* GIVEN DATA
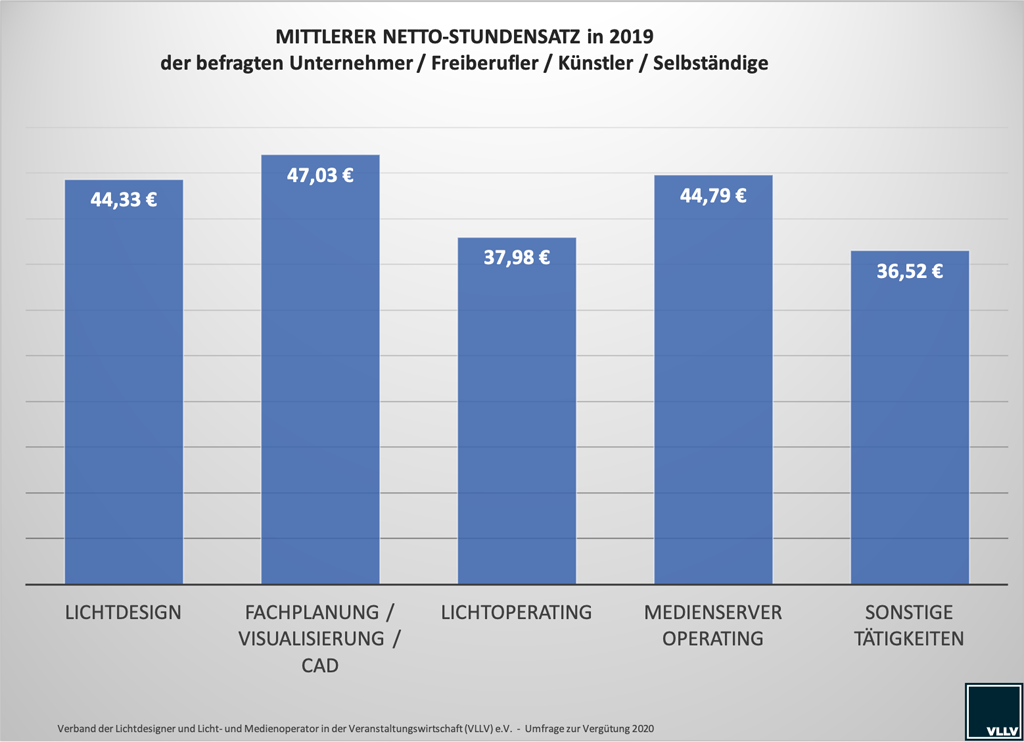 Die im Durchschnitt erzielten Netto-Stundensätze der Selbständigen, Unternehmer, Freiberufler und Künstler lägen signifikant zu niedrig. Sehr deutlich erscheine dies im Bereich Lichtdesign: Hier bestehe ein extremes Missverhältnis zwischen Vergütung und Verantwortungsbereich. Der bereinigte Mittelwert (Medianwert) des Stundensatzes liegt hier lediglich bei netto 40€ – andere in Qualifikation und Komplexität vergleichbare Branchen erlösen laut VLLV durchschnittlich das Doppelte.
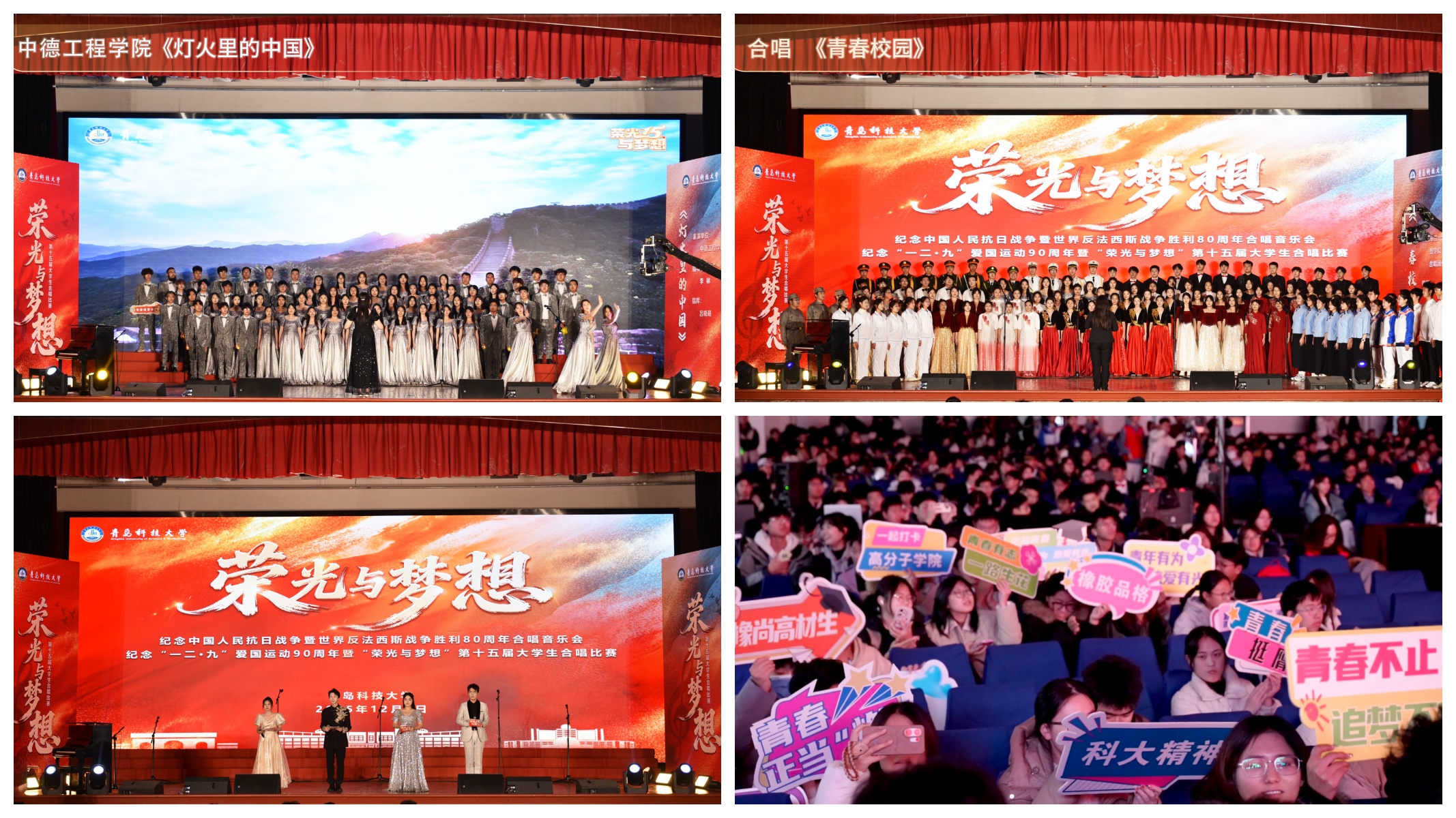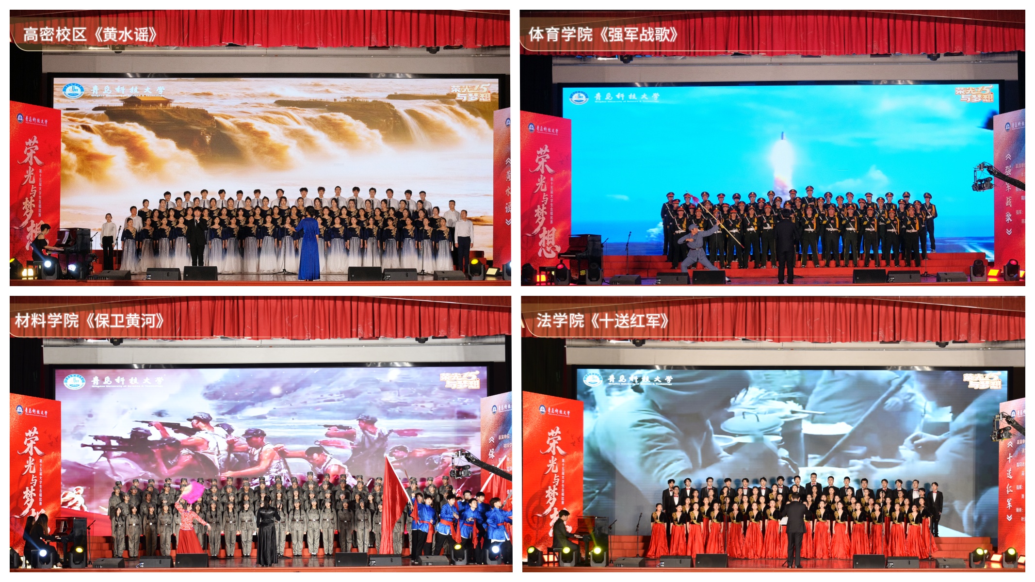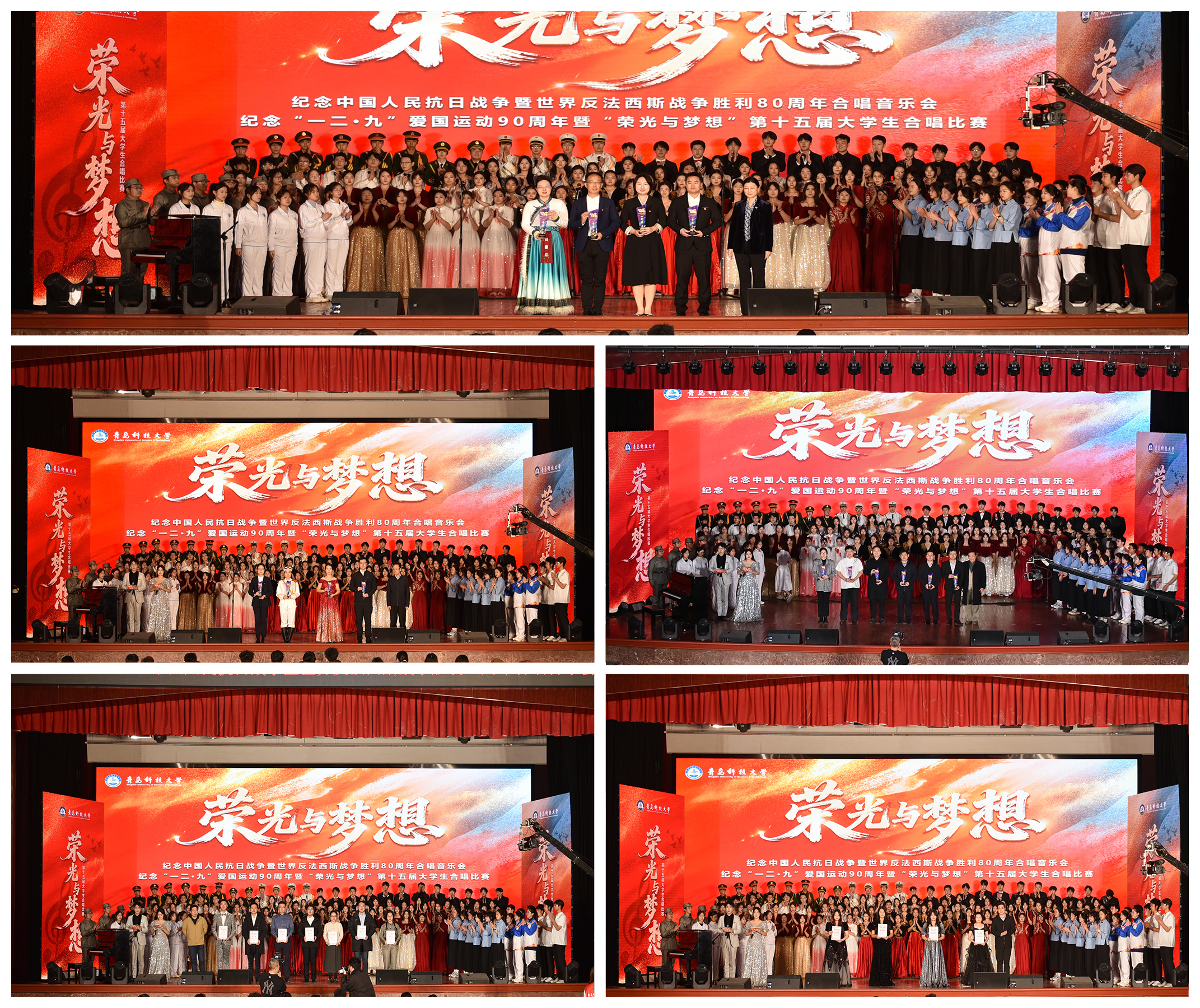 比赛现场,各队伍通过演唱《黄水谣》《强军战歌》《保卫黄河》《十送红军》《松花江上》《在太行山上》等曲目,聚焦新民主主义革命时期,用歌声再现民族危亡时刻的抗争精神与军民同心的深厚情谊。通过演唱《龙的传人》《我的祖国》《美丽草原我的家》《英雄赞歌》《歌唱祖国》等曲目,深情礼赞社会主义建设时期全国人民投身建设、奋发向上的精神风貌。通过演唱《我爱你,中国》《国家》《祖国不会忘记》《江山》《在灿烂阳光下》等曲目,展现改革开放和社会主义现代化建设时期的辉煌成就与奋斗者的奉献情怀。通过演唱《夜空中最亮的星》《万疆》《天路》《光亮》《灯火里的中国》等曲目,抒发立足中国特色社会主义新时代,青年学子投身强国建设、民族复兴伟业的坚定信念。最后,各学院合唱代表共同唱响校歌《青春校园》,用整齐嘹亮的歌声唱响爱校荣校主旋律,呈现出一堂“有魂、有料、有彩”的青春盛宴。
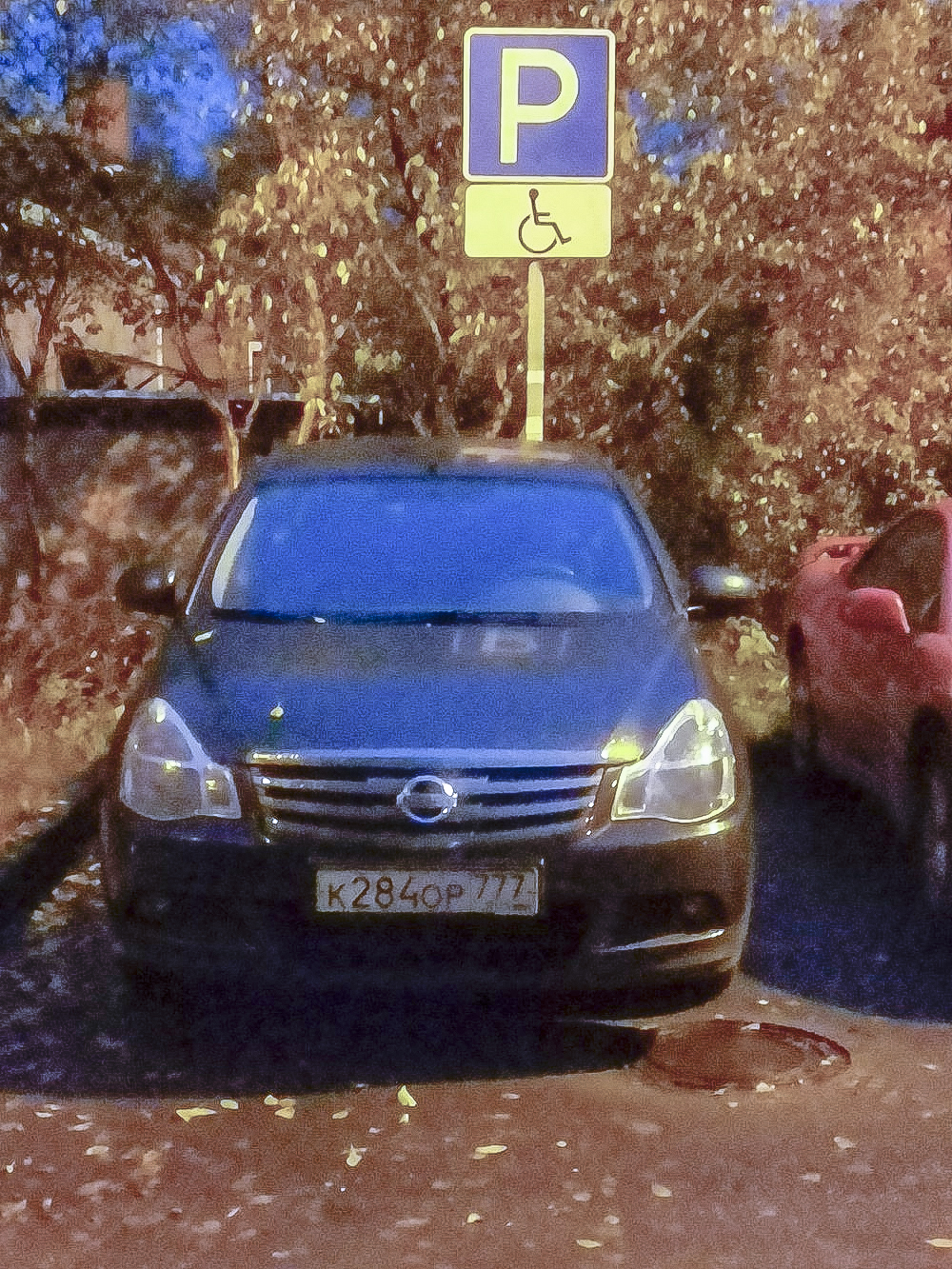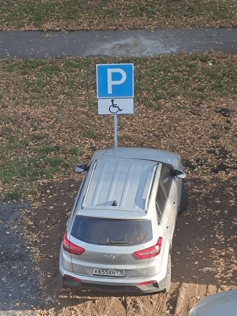 08 октября 2024 г., примерно 18:00. Московская обл., г. о. Домодедово, д. Павловское, ул. Колхозная, д. 10. Стоянка под знаком: Место для инвалидов.

* WHAT IS BEING ASKED
When copying the listing, skip the pictures and keep each line exactly as written.

* TASK RESPONSE
 Die im Durchschnitt erzielten Netto-Stundensätze der Selbständigen, Unternehmer, Freiberufler und Künstler lägen signifikant zu niedrig. Sehr deutlich erscheine dies im Bereich Lichtdesign: Hier bestehe ein extremes Missverhältnis zwischen Vergütung und Verantwortungsbereich. Der bereinigte Mittelwert (Medianwert) des Stundensatzes liegt hier lediglich bei netto 40€ – andere in Qualifikation und Komplexität vergleichbare Branchen erlösen laut VLLV durchschnittlich das Doppelte.
 比赛现场,各队伍通过演唱《黄水谣》《强军战歌》《保卫黄河》《十送红军》《松花江上》《在太行山上》等曲目,聚焦新民主主义革命时期,用歌声再现民族危亡时刻的抗争精神与军民同心的深厚情谊。通过演唱《龙的传人》《我的祖国》《美丽草原我的家》《英雄赞歌》《歌唱祖国》等曲目,深情礼赞社会主义建设时期全国人民投身建设、奋发向上的精神风貌。通过演唱《我爱你,中国》《国家》《祖国不会忘记》《江山》《在灿烂阳光下》等曲目,展现改革开放和社会主义现代化建设时期的辉煌成就与奋斗者的奉献情怀。通过演唱《夜空中最亮的星》《万疆》《天路》《光亮》《灯火里的中国》等曲目,抒发立足中国特色社会主义新时代,青年学子投身强国建设、民族复兴伟业的坚定信念。最后,各学院合唱代表共同唱响校歌《青春校园》,用整齐嘹亮的歌声唱响爱校荣校主旋律,呈现出一堂“有魂、有料、有彩”的青春盛宴。
 08 октября 2024 г., примерно 18:00. Московская обл., г. о. Домодедово, д. Павловское, ул. Колхозная, д. 10. Стоянка под знаком: Место для инвалидов.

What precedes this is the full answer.